The framers of the Constitution wanted none of this in their American republic. “Treason against the United States shall consist only in levying war against them or in adhering to their enemies, giving them aid and comfort,” they declared. What they had in mind was what Benedict Arnold had done—put on the uniform of a foreign enemy and marched into battle with foreign troops.

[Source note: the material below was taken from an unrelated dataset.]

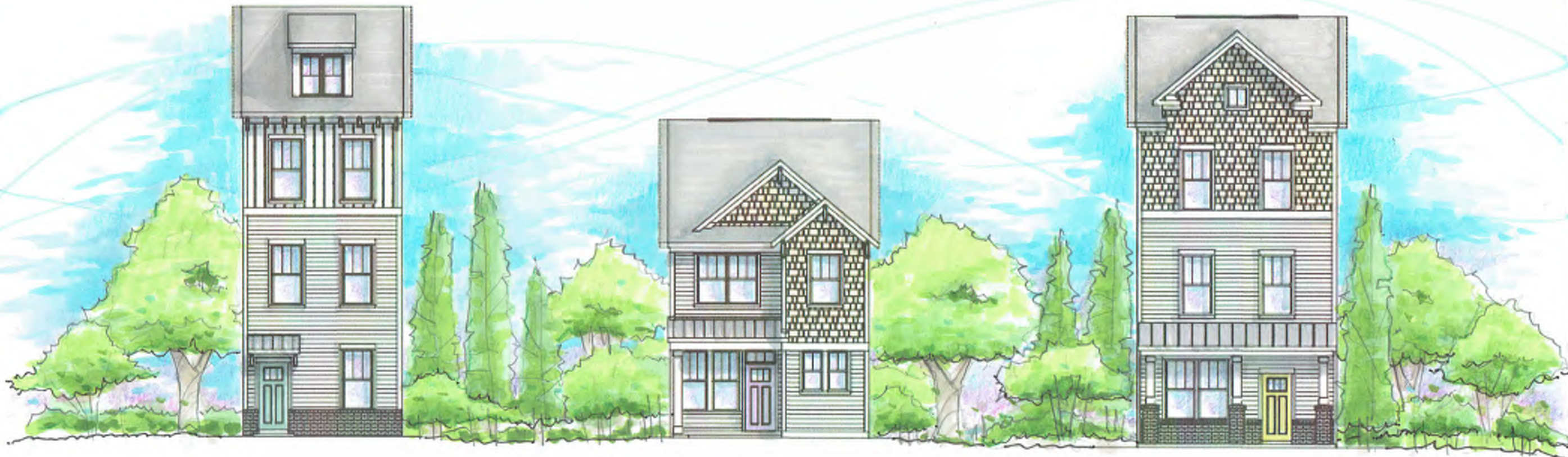
HENLEY II ELEVATION I SCALE: 3/8" = 1'-0"

The key element in this definition was war. And that’s the first reason Lee was never tried for treason. Abraham Lincoln refused to consider the conflict with the South a war, because, legally speaking, war signified conflict between two sovereign countries, and Lincoln wouldn’t recognize Confederate sovereignty. To Lincoln, the fight that started at Fort Sumter was a rebellion or an insurrection. To be sure, as the casualties mounted he lapsed into the common usage of “war” for what the struggle had become. But he never treated it as a war in the legal sense. He couldn’t, without conceding the one thing above all he was trying to prevent.
The second reason Lee wasn’t prosecuted was that the terms of his surrender of the Army of Northern Virginia to Grant at Appomattox protected him. “Officers and men will be allowed to return to their homes not to be disturbed by United States authority so long as they observe their parole and the laws in force where they may reside,” Grant promised. Some on the Northern side argued that Grant lacked the authority to waive civil prosecution of Lee. But Lincoln didn’t dispute the order in the short time he lived after the surrender, and following Lincoln’s death, Grant was the towering figure on Union side. Grant made clear he wouldn’t stand for having his promise broken; he would resign his army commission first. The Republicans couldn’t afford to alienate the great general, as they intended to run him for president in 1868. So Grant’s ultimatum stuck.

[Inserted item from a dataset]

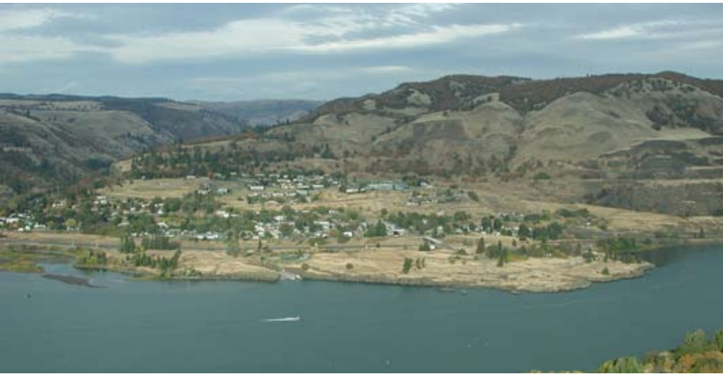
The City of Lyle is proposing an urban area expansion of more than 240 acres, above and west of the developed area in this photo.

stringent criteria requiring protection and enhancement of scenic, natural, cultural, and recreation resources; and protection of agricultural lands, forest lands, and open spaces. The Act also requires a demonstration of the need to revise an urban boundary based on legitimate population growth estimates and a demonstration of maximum land use efficiency within and along existing urban boundaries. Under the Scenic Area Act, only the Gorge Commission may approve a minor revision to an urban area boundary.

The third reason Lee wasn’t tried for treason was that if he was a traitor, so were the million other soldiers who served in the Confederate army. And while many in the North, especially those who had lost sons, husbands and fathers in the fighting, wanted to blame someone for their losses, almost no one wanted to see mass executions.

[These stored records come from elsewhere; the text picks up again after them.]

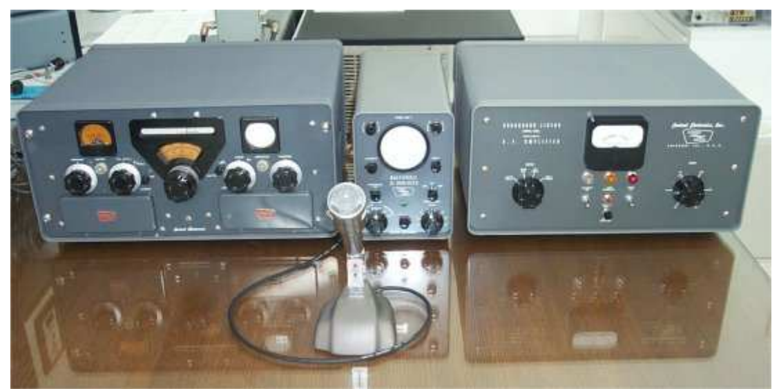
CE station - 100V/MM-2/600L amplifier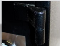
Extra Heavy Duty Hinge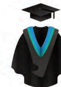
Postgraduate Certificate in Education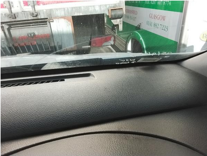
9: Screen Front Scratched Over 30mm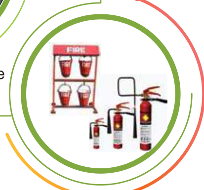
Fire Extinguisher Fire Buckets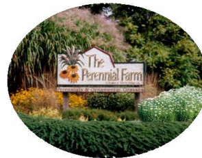
The highest quality plants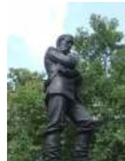
General Gordon by Hamo Thorneycroft

It's understandable that Onslow Ford would want to depict Gordon riding a camel, as it was well known that General Gordon was a great camel rider. In one of his letters he states it was only by hard camel riding that he held his position and respect among the people in Sudan.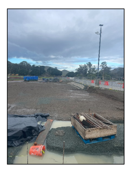
[ Parking Lot 3 Expansion – Retaining Wall ]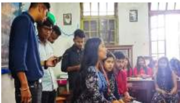
Farewell (Dept. of Botany)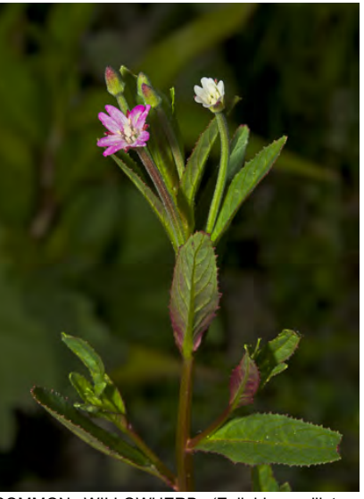
COMMON WILLOWHERB (Epilobium ciliatum subsp. ciliatum) Native Perennial - Evening Primrose Family - (Jun-Oct) - Common. Disturbed places, moist meadows, streambanks, roadsides - Plant 20-48" tall, smooth or short-hairy. Petals 2-6 mm, white to pink.

The fourth reason was a conceptual misfit between the concept of treason and what happened between 1861 and 1865. When one or a few people turn against the government, conceivably that might be treason; but when five million people do it, another description is required. This is especially so when the five million have a plausible argument for their actions, under the Constitution. The Constitution itself is silent on whether states can leave the Union, and the Supreme Court had never ruled on the matter. Lincoln, following in the footsteps of Union stalwarts like Andrew Jackson, Henry Clay and Daniel Webster, argued that the states could not leave. But the Confederates, citing John Calhoun, the early Webster and others equally venerable, argued that they could.
The argument was settled in a de facto sense by the Union victory in the war. But enough doubt lingered over the issue legally that potential prosecutors of Lee had to wonder whether they could find a jury that would convict him. If Lee were tried and acquitted, the whole legal basis of the Union war effort would be called into question. For Lee’s foes, a safer strategy was to keep calling him a traitor without having to prove the charge.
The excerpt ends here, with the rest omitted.